• [Source material]
+ + + + + + +

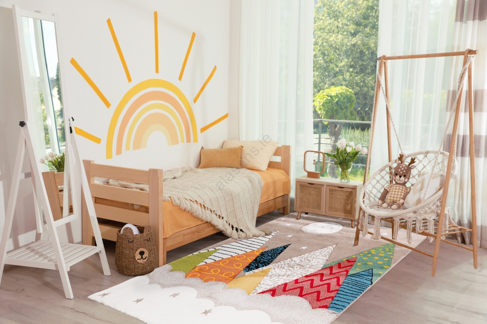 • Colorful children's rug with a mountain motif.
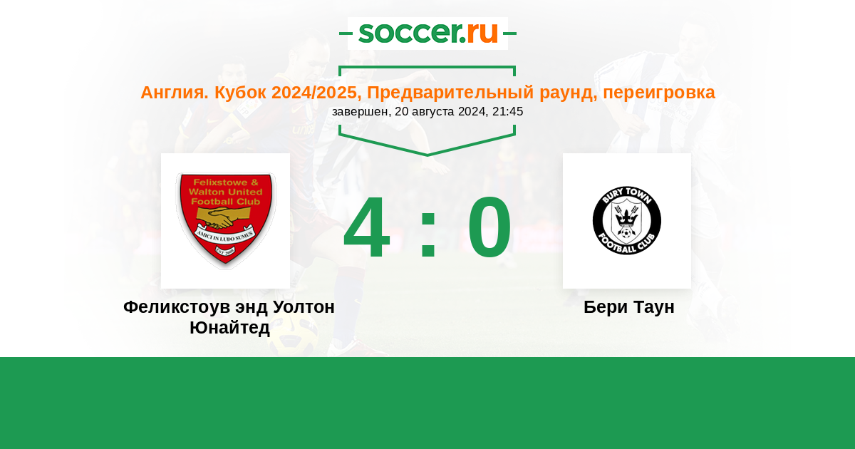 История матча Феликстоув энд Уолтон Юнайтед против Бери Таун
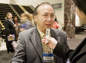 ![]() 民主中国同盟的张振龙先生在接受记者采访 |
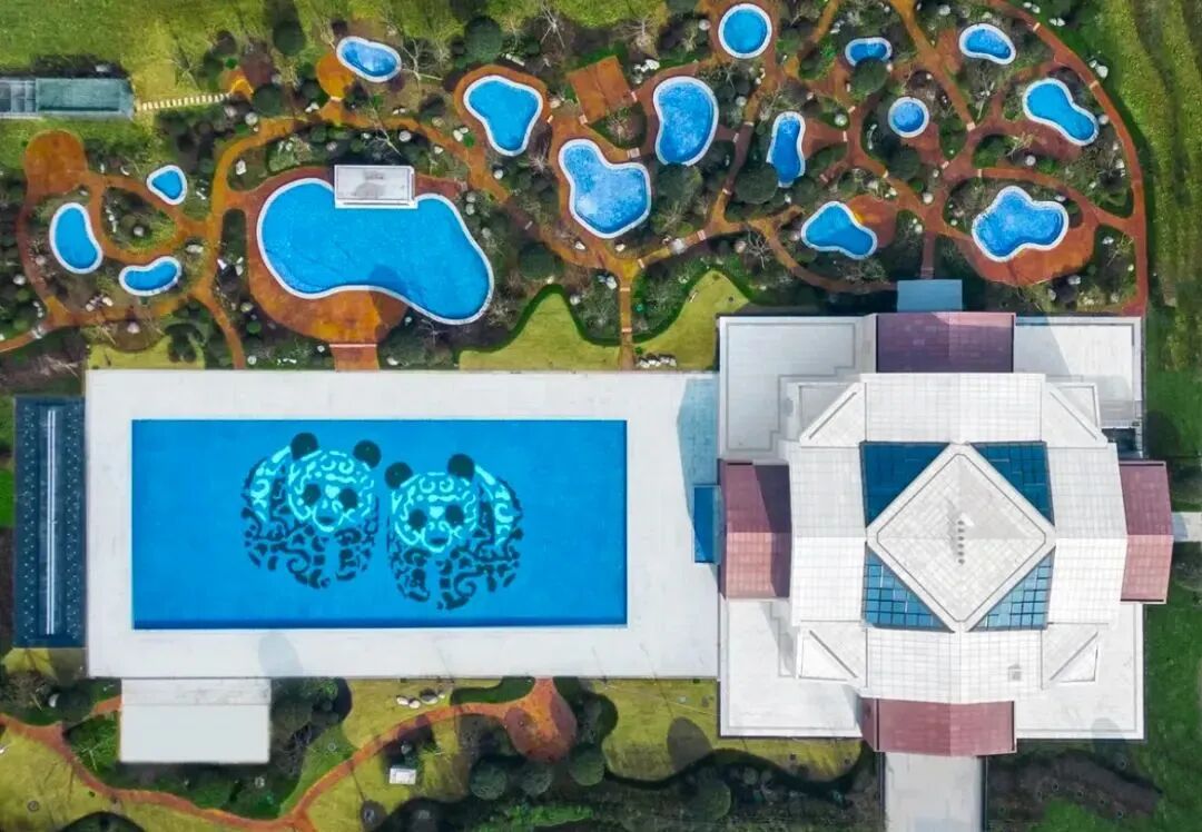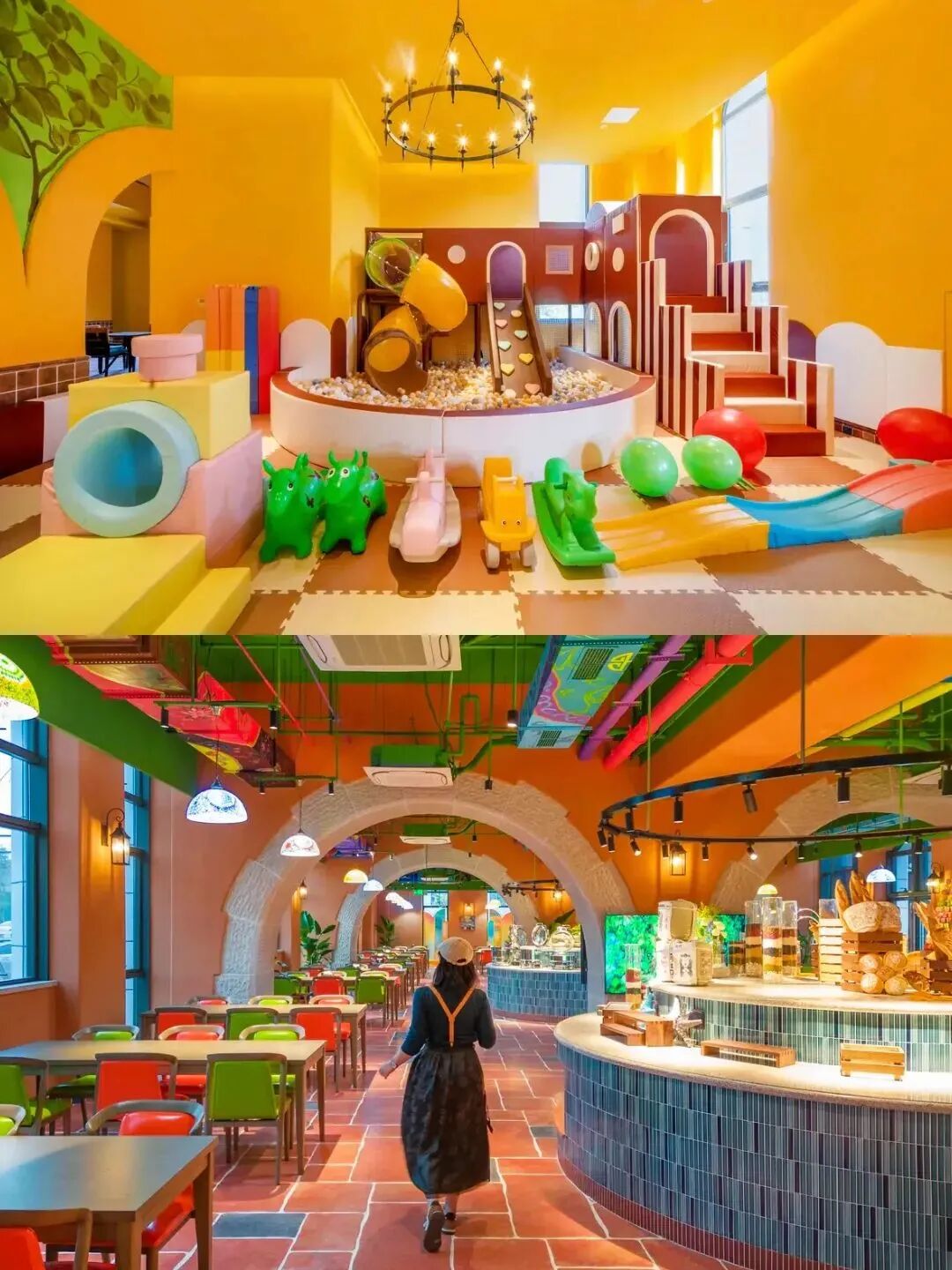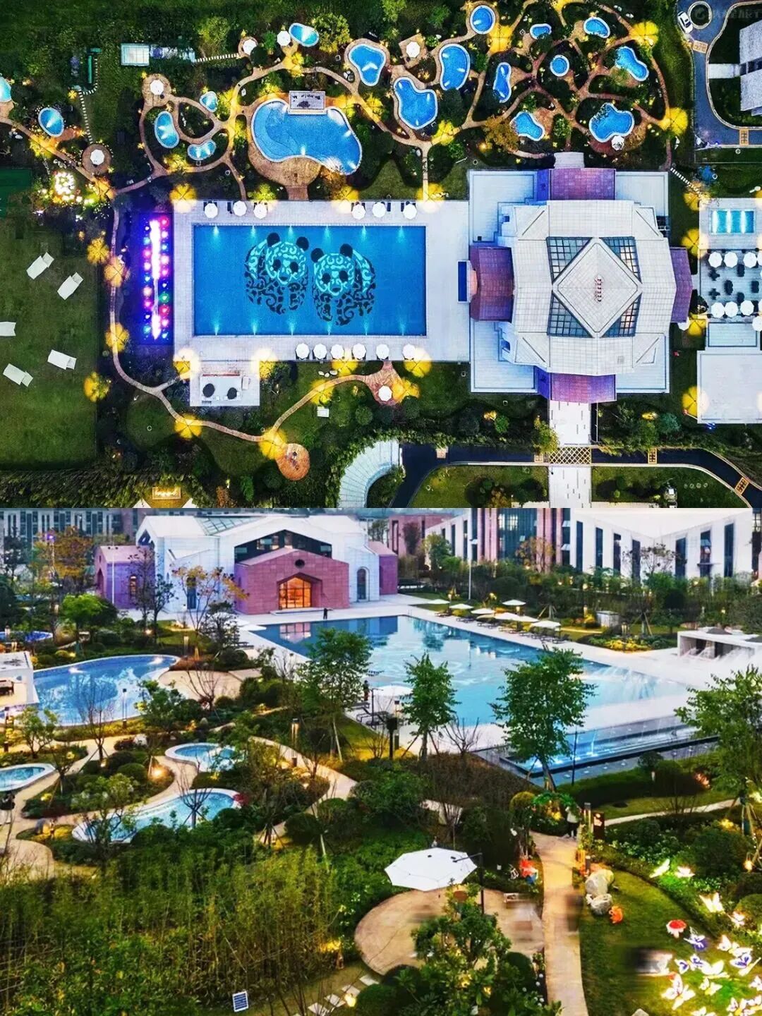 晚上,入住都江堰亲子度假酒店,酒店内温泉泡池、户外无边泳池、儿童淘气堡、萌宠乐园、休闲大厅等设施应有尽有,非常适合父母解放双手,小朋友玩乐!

+ + + + + + +

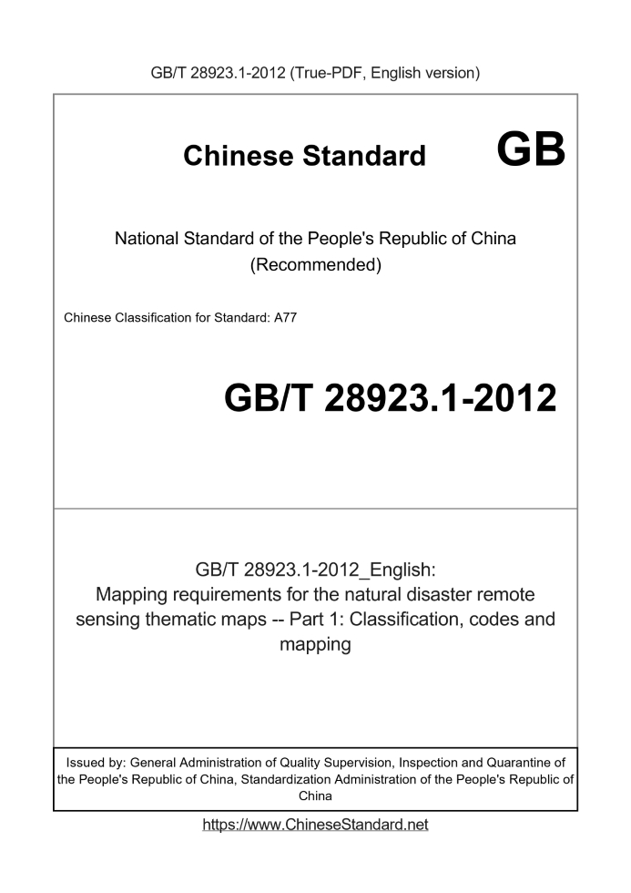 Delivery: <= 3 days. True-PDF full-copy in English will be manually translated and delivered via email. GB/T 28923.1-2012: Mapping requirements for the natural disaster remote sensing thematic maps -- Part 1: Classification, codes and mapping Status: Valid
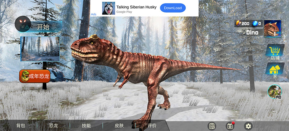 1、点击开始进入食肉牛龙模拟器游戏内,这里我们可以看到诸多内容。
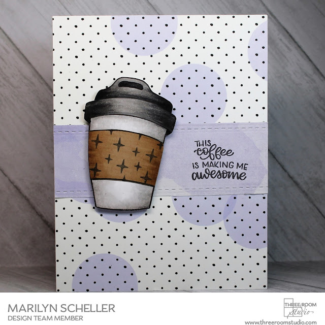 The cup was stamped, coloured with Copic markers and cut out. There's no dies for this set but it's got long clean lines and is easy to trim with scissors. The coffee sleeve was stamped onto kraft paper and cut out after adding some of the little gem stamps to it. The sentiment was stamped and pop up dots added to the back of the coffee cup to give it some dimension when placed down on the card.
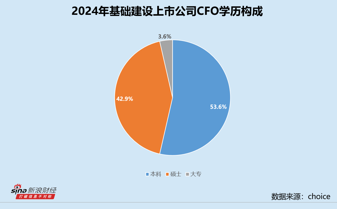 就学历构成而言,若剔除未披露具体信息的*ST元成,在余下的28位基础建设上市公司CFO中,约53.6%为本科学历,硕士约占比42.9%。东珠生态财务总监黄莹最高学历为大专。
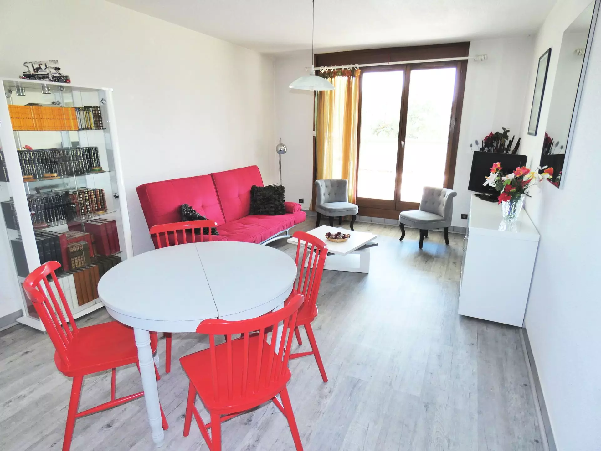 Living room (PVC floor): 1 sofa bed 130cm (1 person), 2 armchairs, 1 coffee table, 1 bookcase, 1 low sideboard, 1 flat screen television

+ + + + + + +

• [Problem]
From the material above, reproduce only what runs from the line holding "The cup was" down to the line holding "Living room (PVC", both included, pictures excluded.

• [Your response]
 The cup was stamped, coloured with Copic markers and cut out. There's no dies for this set but it's got long clean lines and is easy to trim with scissors. The coffee sleeve was stamped onto kraft paper and cut out after adding some of the little gem stamps to it. The sentiment was stamped and pop up dots added to the back of the coffee cup to give it some dimension when placed down on the card.
 就学历构成而言,若剔除未披露具体信息的*ST元成,在余下的28位基础建设上市公司CFO中,约53.6%为本科学历,硕士约占比42.9%。东珠生态财务总监黄莹最高学历为大专。
 Living room (PVC floor): 1 sofa bed 130cm (1 person), 2 armchairs, 1 coffee table, 1 bookcase, 1 low sideboard, 1 flat screen television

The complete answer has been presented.